Even Thomas Erl has not convinced me because we are approaching from different 
perspectives. I think that intention, need, interaction and integration are all 
about different things. 

A bus may have a special door dedicated to very big people (nothing offensive, 
I hope). Why? Because a need for such door is assumed based on practice. Then, 
why a person becomes a passenger of a bus? Because a person has need for a 
ride. Will such person have an intent to take a bus? It depends - if the person 
is big and it is known the bus does not have appropriate door, there may be no 
intent. Presence of special door is not a fact of integration between a big 
person and a bus, it is a response to potential needs and support for an 
intention aimed to potential interaction (during the ride). There is no 
integration.

If I model described business situation with services, I also will have a 
consumer intent, service capabilities  and potential interactions. OASIS SOA RA 
articulates this much better than me here.

"The increasing need to hook up disparate pieces of software to establish a 
reliable level of data exchange is what turned integration into an important, 
high profile part of the IT industry", yes, and somebody is doing this 'hook 
up'. Why? Because none of the pieces cannot do it by themselves. Now, assume a 
Piece 1 with reserved publicly available hook (interfaces) and a Piece 2 - a 
smart distributed SW agent, which is looking for available hooks of others to 
connect its own hook with them. There is no a 3rd Party for doing hooking (I 
mean, no hookers :-), there is no adjustments on any Pieces, and the only 
shared thing is the execution environment. If the fact of interaction is equal 
to integration, then we can say that the Pieces are disintegrated after the 
interaction complete. How close this conclusion to absurd?

- Michael



________________________________
From: Rob Eamon <[email protected]>
To: [email protected]
Sent: Monday, March 23, 2009 3:48:11 PM
Subject: [service-orientated-architecture] Re: Misperceptions about integration 
and SOA


--- In service-orientated- architecture@ yahoogroups. com, Michael Poulin 
<m3pou...@.. .> wrote:
>
> If two people listen a radio broadcast, would it be right to say 
> that they are integrated via the same language ? I think, it is too 
> much. Plus, they, probably, understand different things from the 
> broadcast depending on the 'context' of their minds.

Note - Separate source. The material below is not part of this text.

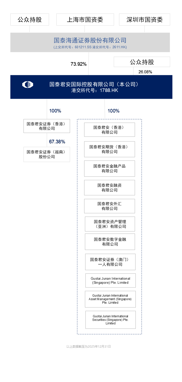 公司控股股东国泰海通证券股份有限公司(股票代号601211.SH/股票代号2611.HK)为中国最大证券公司之一。凭借母公司强劲经营支持,国泰君安国际锐意开拓并深化香港及亚太市场,成为区内拥有市场影响力的重要证券金融机构。

Two subscribers listening to a publisher are not integrated with each 
other--they are integrated with the publisher. 

They must have the same understanding of the message and the context of the 
publisher else they may not perform as desired.

> I do not understand why we have to go that deeply 
> into 'integration' ... Integration and Usage make more sense to me 
> than just Degrees of Integration. 

I'm not claiming there are degrees of integration. Rather, there are degrees of 
coupling.

Why you and I are diving into it is because we disagree on what constitutes 
integration.

My contention is that the work to connect consumer and provider, however 
trivial, is integration and results in the consumer and provider being 
integrated (with varying degrees of coupling). Consumers and providers don't 
just magically start interacting. There is work to define and implement the 
agreed upon interaction on both ends. 

Your contention is that they are simply interacting. That the work done to 
facilitate that interaction is not integration but something else.

I have been thus far unable to convince you that the work done to connect 
consumer and provider is the same as is done in classic integration efforts. 

I'll try to make my case in another way.

>From Erl: "...integrating something implied connecting two or more 
>applications or programs that may or may not have been compatible. ...The 
>increasing need to hook up disparate pieces of software to establish a 
>reliable level of data exchange is what turned integration into an important, 
>high profile part of the IT industry."

Would you agree that consumers and providers are "disparate pieces of 
software?" That they are independent components possibly (likely) from 
different ownership domains? That integration is the act of connecting two or 
more such items? That integration is equivalent to "hook up" these things?

Erl: "As a result, the concept of integration begins to fade. Exchanging data 
between different units of solution logic becomes a natural and secondary 
design characteristic. "

Perhaps the Erl's intent here is "...the concept of integration begins to fade" 
*from the limelight.* Or from the center of focus.

The concept of integration remains the same, but it is less important though it 
is still there. It becomes a secondary concern because the SO principles and 
the actions of defining a service address many integration aspects as a matter 
of course. Defining a service interface is effectively integration work. The 
provider *must* anticipate integration needs up front (at least some of them) 
rather than solely on an ad hoc basis.